● **Exercise data**
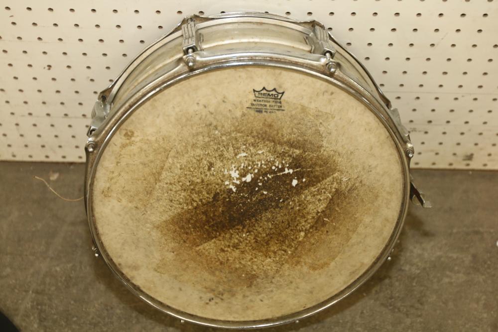 Pearl P-902 Power Shifter Double Bass Drum Pedal, Tama Iron Cobra 200 Series Hi-Hat Stand, 14-inch Ludwig Snare Drum with an Evans 14-inch drum head, and a collection of drumsticks. Includes a storage case for the drumsticks. Suitable for drummers seeking reliable, versatile equipment. Pickup only.
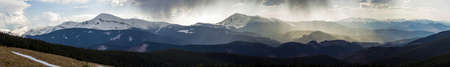 Breathtaking panoramic view of magnificent foggy Carpathian mountains, covered with ever-green forest on misty quiet morning or evening under dark cloudy sky. Mountains snow covered tops in distance.
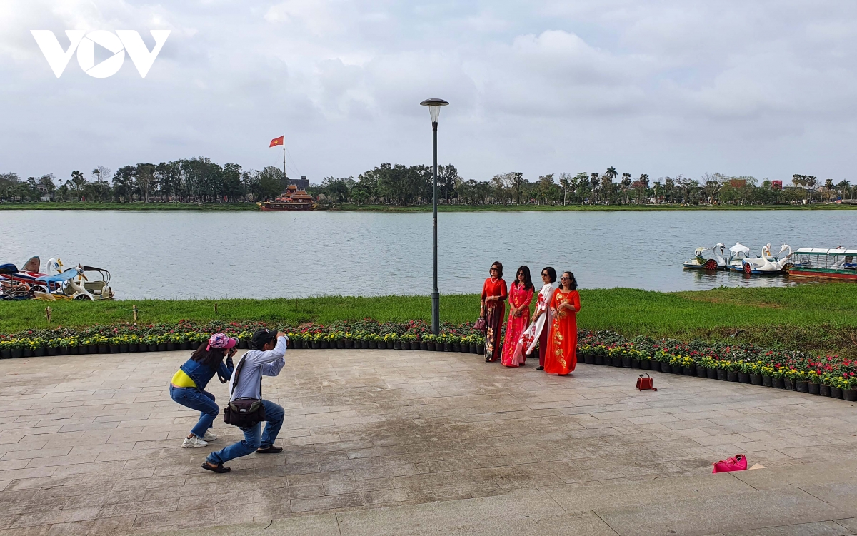 Dù mới 25 tháng chạp nhưng nhiều người dân Huế đã diện áo dài xúng xính chụp ảnh mùa xuân.

● **Required work**
Give the data again exactly. Keep the images out.

● **Completed exercise**
 Pearl P-902 Power Shifter Double Bass Drum Pedal, Tama Iron Cobra 200 Series Hi-Hat Stand, 14-inch Ludwig Snare Drum with an Evans 14-inch drum head, and a collection of drumsticks. Includes a storage case for the drumsticks. Suitable for drummers seeking reliable, versatile equipment. Pickup only.
 Breathtaking panoramic view of magnificent foggy Carpathian mountains, covered with ever-green forest on misty quiet morning or evening under dark cloudy sky. Mountains snow covered tops in distance.
 Dù mới 25 tháng chạp nhưng nhiều người dân Huế đã diện áo dài xúng xính chụp ảnh mùa xuân.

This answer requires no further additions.